Car Trip

Be a "backseat driver" and describe your next road trip.

  • Target Age:  4-7 
  • Learning Goals:  vocabulary, oral language development, social studies, geography, dramatic play
  • Related Episode: Martha Doesn't Speak Monkey!, Martha Fails the Course

Target Words

around, behind, direction, follow, hurry, left, right, rough, smooth, speed, stop




The next time you are in the car or on a bus, encourage your child to be a "backseat driver" and act out the motions as you describe the ride. Talk about the road, the route, and the things you see out the window. Invite your child to join in the conversation.
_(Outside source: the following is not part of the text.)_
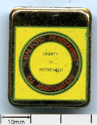 Scope and ContentEnamel badge with the text: Salford Pensioners TU Association. Dignity in retirement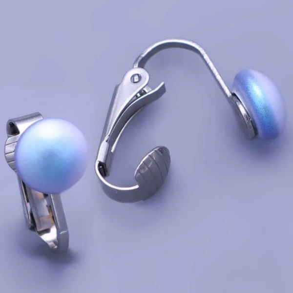 Náušnice z chirurgické oceli klipsy jsou zdobeny perlou Swarovski, které si můžete vybrat ze tří barev. White ( bílá perleť ), Bronze (perleťová hnědá ), Iridescent Light blue ( perleťová modrá ). Velikost perličky 8mm. Celková délka náušnic 18mm. 2190

  • Ah, this is a nice smooth road. What a pleasant ride this will be.
  • Oops. The road is getting a little rough and bumpy. We'd better slow down.
  • Look, we're coming to a stop sign. Time to step on the brake.
  • All clear. We can go now. Let's pick up some speed and go a little faster.
  • We're going to go around the corner. Let's turn the steering wheel to the right.
  • Do you think that dog will follow us all the way to the library?

Take it Further
Before you and your child go on a neighborhood errand or on a longer trip, draw a simple map and talk about where you're going to go. Draw some familiar landmarks on your map, for example, a friend's house, the park, the bus stop. After your trip, revisit the map. Your child can draw additional sights on the map. You could ask, "Do you remember where (you found the quarter)? Let's draw it on the map."

Related Books
  • Mapping Penny's World by Loreen Leedy
    Travel with Lisa and her dog Penny as they map Penny's world.
  • A Drive in the Country by Michael Rosen
    A family packs the car with snacks, maps, joke books, and more and sets off on a favorite day trip.
  • Jonathan and His Mommy by Irene Smalls
    A mother and son turn a neighborhood walk into a game of zig-zag and giant steps, crisscross and hip-hop steps.